FROM JAMA NEUROLOGY
The risk of serotonin syndrome developing in individuals who are taking both triptans for migraine and either an SSRI or serotonin-norepinephrine reuptake inhibitor (SNRI) antidepressant is very low, according to analysis of electronic health record data of 47,968 patients prescribed triptans.
The study of 14 years’ worth of data, published online Feb. 26 in JAMA Neurology , identified only two confirmed cases of serotonin syndrome, representing an incidence rate of 0.6 cases per 10,000 person-years of exposure, and five probable cases.
“Our results do not show major changes in prescribing patterns as a result of the FDA advisory [warning in 2006]. Taken as a whole, our data suggest that the FDA advisory should be reconsidered,” wrote Yulia Orlova, MD, PhD , of the University of Florida, Gainesville, and her coauthors. Dr. Orlova was with the Graham Headache Center at Brigham and Women’s Hospital in Boston at the time she conducted the research.
Overall, the investigators found 19,017 patients who were prescribed both triptans and an SSRI or SNRI. Of these, 229 (1.2%) were diagnosed with extrapyramidal syndrome at some point. Serotonin syndrome was suspected in 17 patients, while other diagnoses included restless legs syndrome, periodic limb movement disorder of sleep, and akathisia.
Four cases met both the Sternbach and Hunter diagnostic criteria for serotonin syndrome, but in only two of these cases had triptans been used at around the time that the serotonin syndrome symptoms developed. However, the authors did note that, in both these cases, some symptoms developed before the patients ingested the triptans.
Even if serotonin syndrome was in fact the cause of symptoms in all the patients with suspected diagnoses, and who had documented coprescription of triptans and antidepressants, this still represented an incidence of 2.3 cases per 10,000 person-years.
“Our results provide additional reasons to be skeptical that triptans increase the risk of serotonin syndrome beyond the risk already associated with SSRIs and SNRIs alone,” Dr. Orlova and her colleagues wrote.
The investigators also pointed out that the biological plausibility of triptans as a cause of serotonin syndrome was questionable.
“Evidence suggests that serotonin syndrome is mediated by serotonin 2A receptors, with possible involvement of serotonin-1A receptors,” they wrote. “Triptans, however, are serotonin agonists with high affinity at serotonin-1B and -1D receptors and only low affinity for serotonin-1A receptors.”

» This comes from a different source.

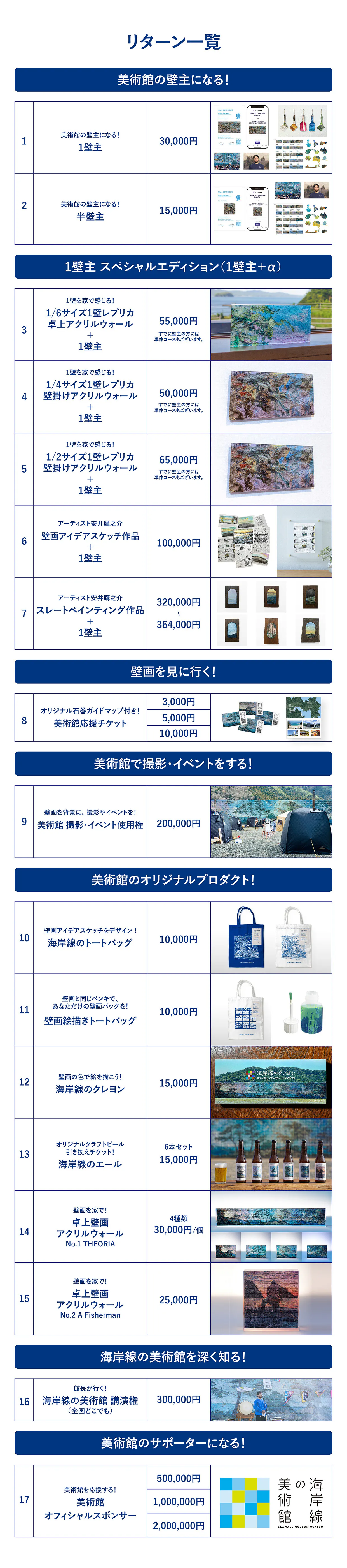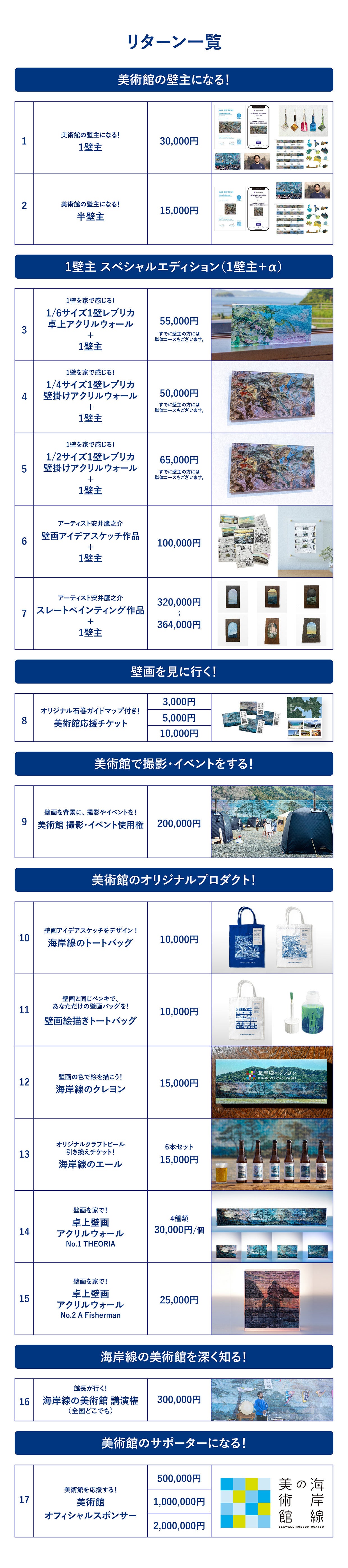 今回のクラウドファンディングでは、壁主のコースを基本に様々なコースをご用意しました。美術館ならではの、ものや体験などたくさん用意しましたので、ぜひリターンのラインナップをお楽しみください。

They noted that many of the patients with suspected serotonin syndrome were taking a large number of other medications that could also have contributed to the symptoms.
“Acute dystonic reactions, akathisia, or drug-induced tremors are not rare in patients who are receiving treatment for migraine that includes phenothiazines or neuroleptic drugs for migraine-associated nausea or pain.”
However, they did qualify their findings by noting that the quality of medical documentation was “highly variable,” and they often had to make the diagnosis based on poor descriptions of symptoms or physical examination findings.
“Overall, our results are reassuring and suggest that patients with coexisting affective disorders and migraine need not forgo management of one condition to treat the other.”
The study was supported by the Harvard Catalyst and the Harvard Clinical and Translational Science Center. No conflicts of interest were declared.